WHAT TO WORK ON: Every line of the material below needs to be copied exactly; omit the pictures.

[[ PROVIDED DATA open ]]

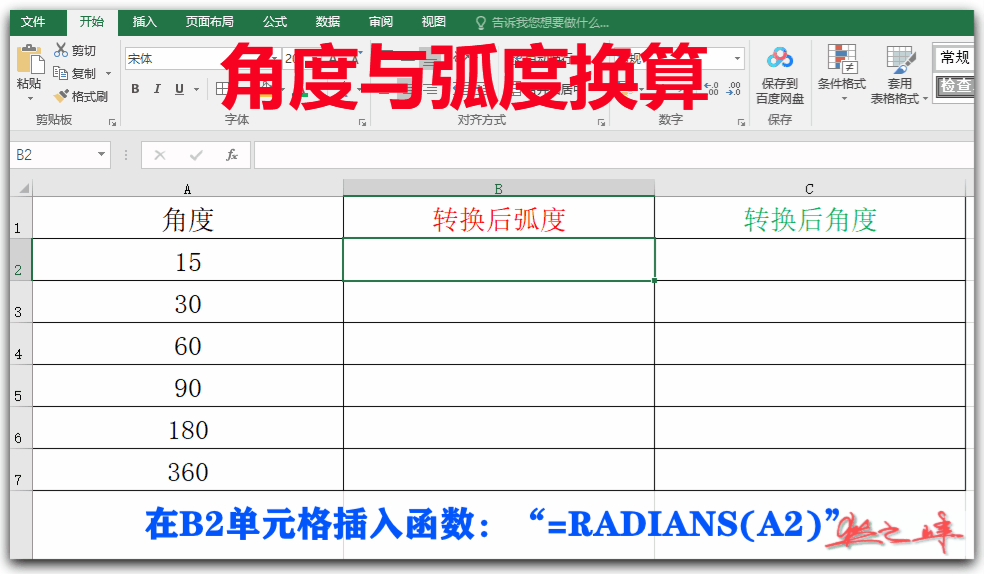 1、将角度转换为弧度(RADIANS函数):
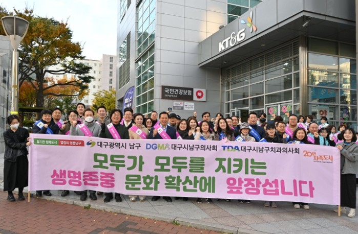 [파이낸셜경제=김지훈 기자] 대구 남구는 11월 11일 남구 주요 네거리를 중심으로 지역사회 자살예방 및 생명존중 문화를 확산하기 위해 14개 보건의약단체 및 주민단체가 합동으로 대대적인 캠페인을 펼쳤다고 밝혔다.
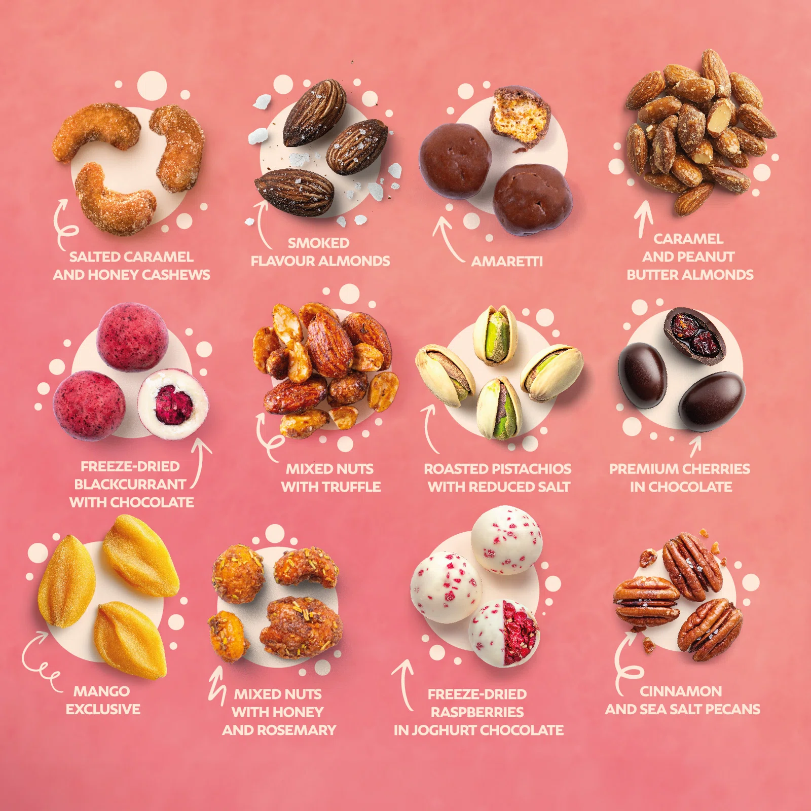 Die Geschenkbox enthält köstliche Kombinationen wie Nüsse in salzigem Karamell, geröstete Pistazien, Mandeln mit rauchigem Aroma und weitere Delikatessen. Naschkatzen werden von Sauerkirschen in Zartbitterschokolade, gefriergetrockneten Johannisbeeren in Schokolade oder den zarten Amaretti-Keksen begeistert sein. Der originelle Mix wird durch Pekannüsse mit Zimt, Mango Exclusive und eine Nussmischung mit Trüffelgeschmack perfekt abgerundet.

[[ PROVIDED DATA closed ]]

ANSWER SPACE:
 1、将角度转换为弧度(RADIANS函数):
 [파이낸셜경제=김지훈 기자] 대구 남구는 11월 11일 남구 주요 네거리를 중심으로 지역사회 자살예방 및 생명존중 문화를 확산하기 위해 14개 보건의약단체 및 주민단체가 합동으로 대대적인 캠페인을 펼쳤다고 밝혔다.
 Die Geschenkbox enthält köstliche Kombinationen wie Nüsse in salzigem Karamell, geröstete Pistazien, Mandeln mit rauchigem Aroma und weitere Delikatessen. Naschkatzen werden von Sauerkirschen in Zartbitterschokolade, gefriergetrockneten Johannisbeeren in Schokolade oder den zarten Amaretti-Keksen begeistert sein. Der originelle Mix wird durch Pekannüsse mit Zimt, Mango Exclusive und eine Nussmischung mit Trüffelgeschmack perfekt abgerundet.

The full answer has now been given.